Objective: Compare the distribution of heights across different species. https://r-graph-gallery.com/boxplot

Code:

library(dplyr)
library(ggplot2)

starwars %>%
  filter(!is.na(birth_year), !is.na(homeworld)) %>%
  ggplot(aes(x = homeworld, y = birth_year)) +
  geom_boxplot() + 
  coord_flip()

Talking points

  • Visualising Distributions: Box plots are particularly effective for visualising the distribution of a continuous variable and comparing it across several categories.
  • Five-Number Summary: They provide a summary of the data distribution using five key numbers: minimum, first quartile (Q1), median, third quartile (Q3), and maximum.

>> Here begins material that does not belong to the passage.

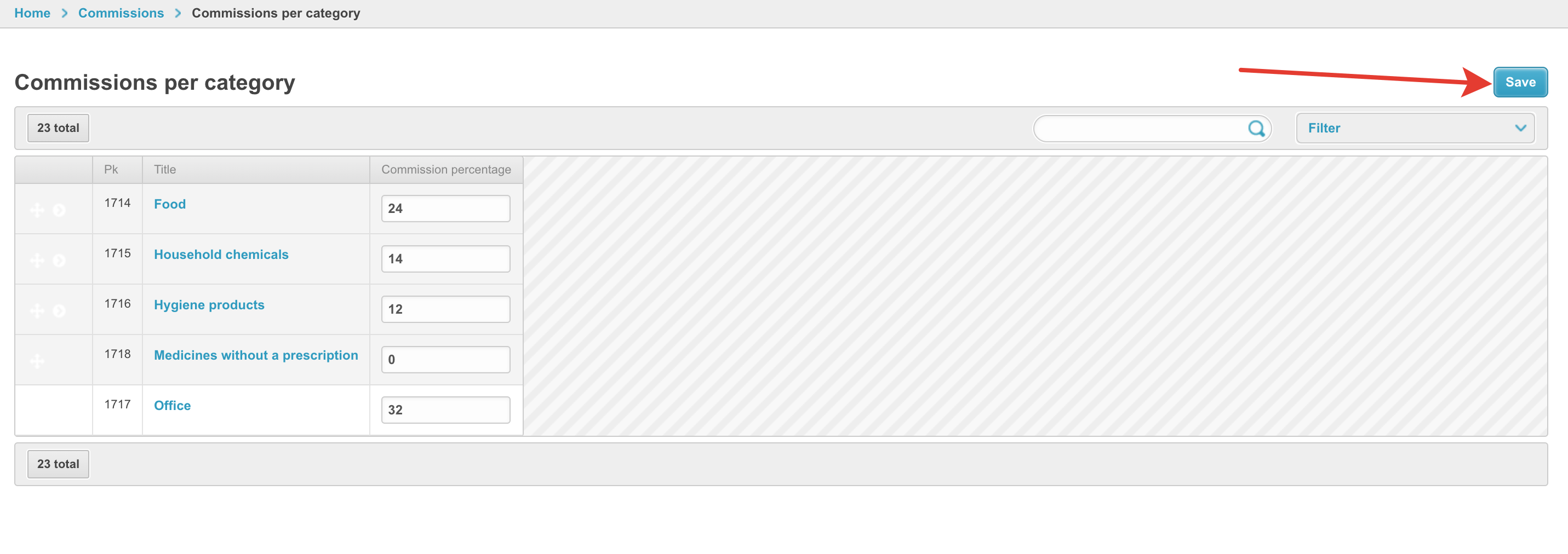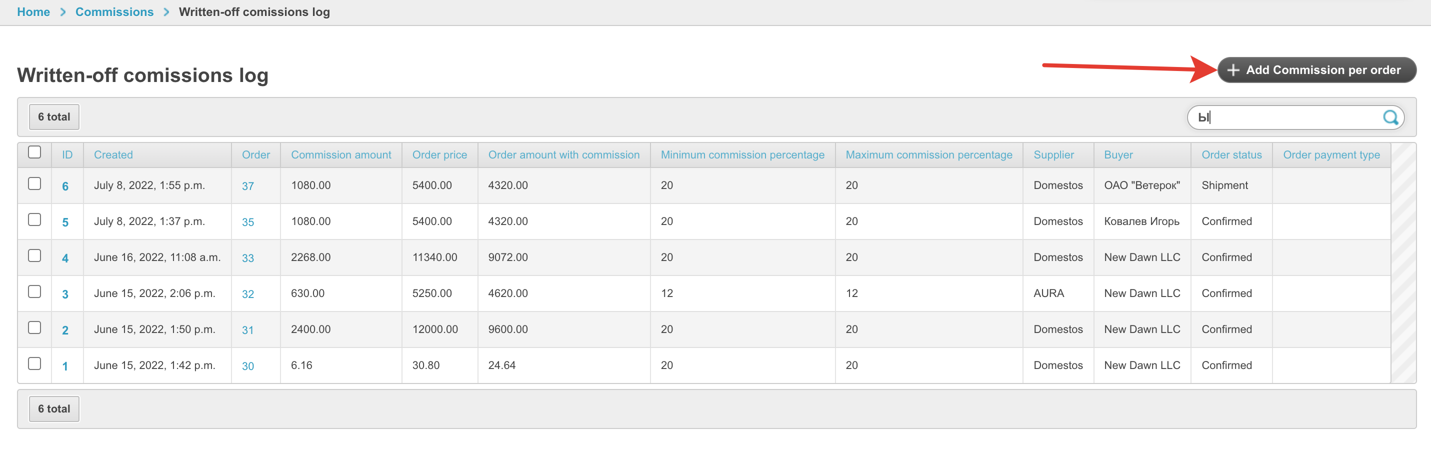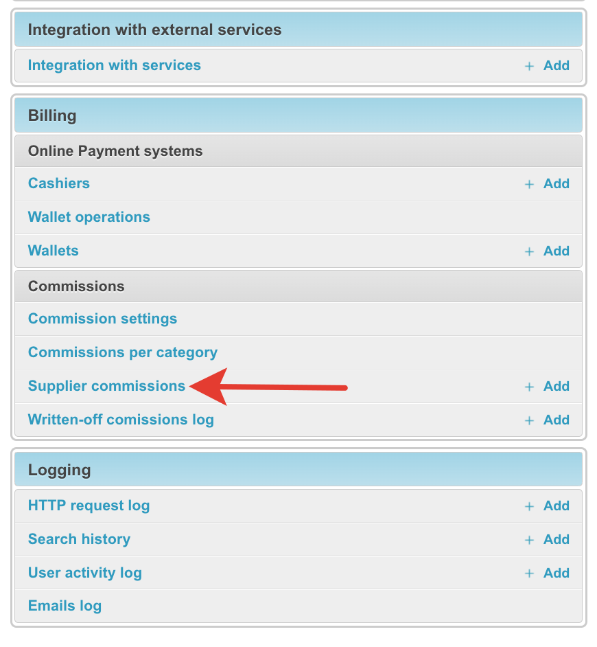 Save your changes. Staging is also available. Commission settings per categoryIf you want to set different commissions for certain product categories, go to Commissions → Commission per category. Enter the commission percentage for each category, and then click Save. Commissions from this category are given higher priority than general commissions. Suppliers' commissionsVendor commissions take precedence over all others. You can assign personal commissions for suppliers in the Commissions → Supplier commissions section. Inside it, you'll see providers that already have commissions set up, as well as an Add Supplier commission button. When you click on it, a window for creating a new commission will open. You can also access this form by clicking the Add button next to the Suppliers' commissions section. Next, using the button , you need to select a supplier, Percentage of commission on goods in the order and Save commission. If the commission for any supplier ceases to be relevant, it can be removed in the Suppliers' commissions section. Write-off comissions logIn the section Commissions → Write-off comissions log, the entire history of debited commissions is displayed. The necessary information is presented in the form of a table. ID — commission identifier. Created — the date the commission was created. Order — the number of the order for which the commission was charged. Commissions amount — the total amount of the commission on the order. Order price — the amount without taking into account the commission. Order amount with commission — the total amount payable. Minimum commission percentage — if there are different commissions for the goods in the order, the minimum percentage is indicated. Maximum percentage of commission — if there are different commissions for the goods in the order, the maximum percentage is indicated. Supplier — the user from whom the commission will be charged. Customer — the user who placed the order. To order status — what is the status of the order at the moment. Order payment type — the payment method approved when placing the order. If you want to create a log log manually, click on the Add commission per order button. In the form that opens, fill in the date and time the commission was created, attach it to the order, and then click Save — a new entry in the written-off commission log will appear in the written-off commission log. You can Delete extra log entries inside the Write-off journal section.

This gives a clear picture of the data’s central tendency and variability.
  • Identifying Outliers: Box plots also highlight outliers in the data, which can be important for understanding the spread and anomalies within each species’ height data.
  • Comparative Analysis: By placing box plots side-by-side for different species, we can easily compare the height distributions across these groups. This helps identify species with similar or distinct height ranges.
  • Data to Viz Recommendation: The Data to Viz website suggests using box plots for comparing the distribution of a numerical variable across different groups, making them a suitable choice for this scenario.
  • Efficiency: Box plots summarise a large amount of data in a compact form, making them efficient for conveying complex information.

Scenario 3: Density Plots

Objective: Visualise the distribution of character ages (assuming ages were provided). https://r-graph-gallery.com/density-plot

Code and Explanation:

library(dplyr)
library(ggplot2)

starwars %>% 
  ggplot(aes(x=height))+
  geom_density(fill="blue",alpha=0.7)


Adding theme discussed on page

library(dplyr)
library(ggplot2)
library(hrbrthemes)

starwars %>% 
  ggplot(aes(x=height))+
  geom_density(fill="blue",alpha=0.7)+
  theme_ipsum()

Talking points

  • Continuous Data Visualisation: Density plots are ideal for visualising the distribution of a continuous variable. They provide a smooth estimate of the variable’s distribution, making it easier to see patterns.
  • Understanding Distribution Shape: Density plots help in understanding the shape of the data distribution (e.g., whether it is unimodal, bimodal, etc.), which is crucial for identifying trends and patterns in birth years.
  • Comparison with Histograms: While histograms also show distribution, density plots are often preferred because they provide a smoother, continuous curve that can be easier to interpret.
  • Data to Viz Recommendation: The Data to Viz website recommends using density plots for showing the distribution of a numerical variable, especially when you want a smooth estimate of the distribution.
  • Visual Appeal: Density plots are visually appealing and can handle overplotting better than histograms, particularly with large datasets.
  • Highlighting Density Peaks: The peaks in the density plot indicate where the concentration of data points is highest, allowing us to identify the most common birth years easily.